Imagine you want to understand how a language changes over time, like watching a river flow from its source to the sea. To do this, you need a collection of old letters, books, and stories written at different times. This is exactly what the researchers behind SiDiaC-v.2.0 have built for the Sinhala language (spoken in Sri Lanka).
Here is the story of their project, explained simply with some creative analogies.
1. The Big Picture: Building a Time Machine
Think of the Sinhala language as a giant, ancient tree. For centuries, it has grown new branches, dropped old leaves, and changed its shape. The researchers wanted to create a "Time Machine" (a digital library) that lets us see exactly how the tree looked in the 5th century compared to the 20th century.
- The Old Version (v.1.0): They previously built a small, rough draft of this time machine. It had about 46 books. It was a great start, but it was like trying to understand a whole forest by looking at just a few saplings. It had some dirt on it, missing pages, and mixed-up words.
- The New Version (v.2.0): This is the upgraded, massive version. They expanded the library from 46 books to 185 books, containing over 240,000 words. It covers a huge timeline: from the year 1800 to 1955 (when the books were published) and even traces the stories back to when they were actually written (as far back as the 5th century!).
2. The Cleaning Process: Washing the Dust Off
Imagine you found a box of old, dusty family photos. Some are torn, some are written in a different language, and some are stuck together. To make them useful, you have to clean them up. The researchers did this with their digital books:
- The "Code-Mixing" Problem: Some old books were like a potluck dinner where the main dish was Sinhala, but someone had accidentally served a side of Pali, Sanskrit, or English. The researchers acted like strict chefs, carefully removing those foreign ingredients so the "Sinhala dish" remained pure.
- The "Commentary" Confusion: Some books were like a movie with a director's commentary track running over the whole film. The original story was from 500 years ago, but the commentary was from 200 years later. The researchers had to figure out which part was the "movie" and which was the "commentary" to date the text correctly.
- The "Poetry" Puzzle: Sinhala poetry is special. Poets often break words apart to make them rhyme, like snapping a Lego brick in half to fit it into a tight space. The researchers invented a special digital "glue" (a tag called
<psi>) to mark where these breaks happened. This way, computers can understand the word is whole, even if it looks broken in the text. - The "Two-Column" Mess: Old books often had text in two columns (left and right). When scanned by computers, the text would get jumbled, reading the left column, then the right, then back to the left. The researchers re-arranged this into a single, straight line, like unrolling a scroll so it reads naturally from top to bottom.
3. The "Low-Resource" Challenge
In the world of technology, some languages are like VIPs (like English) with millions of tools, dictionaries, and experts. Sinhala is a "Low-Resource" language. Imagine trying to build a house with only a hammer and a few nails, while everyone else has a full construction crew.
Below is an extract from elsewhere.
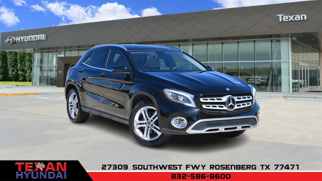 Black 2019 Mercedes-Benz GLA GLA 250 FWD 7-Speed Automatic 2.0L I4 DI Turbocharged 18" 5-Spoke Aluminum Wheels, 4-Way Lumbar Support, 4-Wheel Disc Brakes, 8 Speakers, 8" Color Display Upgrade, ABS brakes, Air Conditioning, Alloy wheels, AM/FM radio, Auto-Dimming Rearview & Driver-Side Mirrors, Automatic temperature control, Axle Ratio: 4.60, Blind Spot Assist, Brake assist, Bumpers: body-color, CD player, Child-Seat-Sensing Airbag, Convenience Package, Delay-off headlights, Driver door bin, Driver vanity mirror, Dual front impact airbags, Dual front side impact airbags, Electronic Stability Control, Emergency communication system: mbrace, Exterior Parking Camera Rear, Four wheel independent suspension, Front anti-roll bar, Front Bucket Seats, Front Center Armrest, Front dual zone A/C, Front fog lights, Front Power Seats, Front reading lights, Fully automatic headlights, Garage Door Opener, HANDS-FREE ACCESS, Heated door mirrors, Heated Front Seats, Illuminated entry, KEYLESS GO®, Knee airbag, Low tire pressure warning, MB-Tex Upholstery, Memory seat, Navigation System, Occupant sensing airbag, Outside temperature display, Overhead airbag, Overhead console, Panic alarm, Passenger door bin, Passenger vanity mirror, Power door mirrors, Power driver seat, Power Driver Seat w/Memory, Power Liftgate, Power passenger seat, Power Passenger Seat w/Memory, Power steering, Power windows, Premium Package, Radio data system, Radio: Audio System w/Garmin Navigation Pre-Wiring, Rain sensing wipers, Rear anti-roll bar, Rear fog lights, Rear reading lights, Rear seat center armrest, Rear window defroster, Rear window wiper, Remote keyless entry, Roof rack: rails only, Security system, Single CD Player, SIRIUSXM Satellite Radio, Speed control, Speed-sensing steering, Split folding rear seat, Spoiler, Steering wheel mounted audio controls, Tachometer, Telescoping steering wheel, Tilt steering wheel, Traction control, Trip computer, Turn signal indicator mirrors, Variably intermittent wipers, Weather band radio.

Because there weren't enough smart computer programs to automatically fix errors or tag words, the researchers had to do a lot of manual work. They acted as human detectives, reading through thousands of pages to fix typos and organize the data. This makes SiDiaC-v.2.0 a rare and precious treasure for the Sinhala language.
4. What Did They Find? (The Treasure Map)
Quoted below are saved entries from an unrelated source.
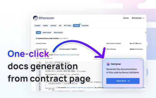 Bunzz, a Singapore-based web3×LLM tech web3-startup, is thrilled to announce the successful release of “DeCipher“, a revolutionary AI-powered tool designed to transform the process of generating Smart Contract documentation. Users can create documents from nearly all Smart Contracts existing on each Blockchain with a single click.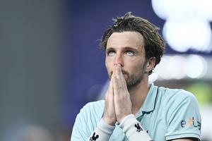 (251011) -- SHANGHAI, 11 octubre, 2025 (Xinhua) -- Arthur Rinderknech reacciona al término de la semifinal de individuales masculinos entre Arthur Rinderknech, de Francia, y Daniil Medvedev, de Rusia, en el torneo de tenis Masters de Shanghai del ATP World Tour, en Shanghai, en el este de China, el 11 de octubre de 2025. (Xinhua/Chen Haoming) (rtg) (da)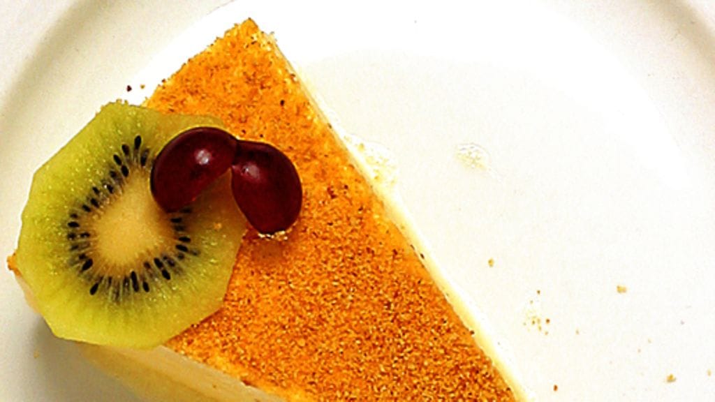 3. Hienonna keksit huhmareessa tai tehosekoittimessa. Ripottele keksinmurut kakun päälle ja jaa kakku annospaloiksi. Koristele hedelmillä.

Once the library was clean, they started looking for patterns. They used a technique called "Bag of Words" (imagine dumping all the words from a book into a bag and shaking it to see what sticks together).
They looked at two specific words that have multiple meanings, like chameleons changing colors:
- "Sathara" (සතර): This word can mean the number four, but it can also mean thief or skill.
- The Discovery: In older books, when people said "Sathara," they were mostly talking about the number four and religious wisdom (like the "four hells" in Buddhism). In the 19th century, the word for "thief" briefly appeared, but the religious meaning always dominated.
- "Maha" (මහ): This word can mean great/sacred, powerful, or big.
- The Discovery: In the 13th and 14th centuries, people used it to describe sacred things (like monks). By the 20th century, the meaning shifted. People started using it more to describe power (kings and strength) or just size (big mountains).
5. Why Does This Matter?
Think of language as a living museum. If we don't preserve the old exhibits, we lose the history of how our ancestors thought, felt, and spoke.
- For Computers: This library teaches AI how to understand Sinhala better, not just today, but how it was spoken 500 years ago.
- For Historians: It helps them see how culture changed. For example, they noticed that religious and poetic books were the most common, showing how deeply Buddhism and art influenced Sri Lankan history.
- For the Future: It ensures that the "river" of the Sinhala language doesn't dry up. It gives future generations a clear map to understand their own roots.
In short: SiDiaC-v.2.0 is a massive, meticulously cleaned-up digital time capsule. It takes the messy, dusty, and complex history of Sinhala literature and organizes it into a clear, usable format, allowing both humans and computers to explore the evolution of the language like never before.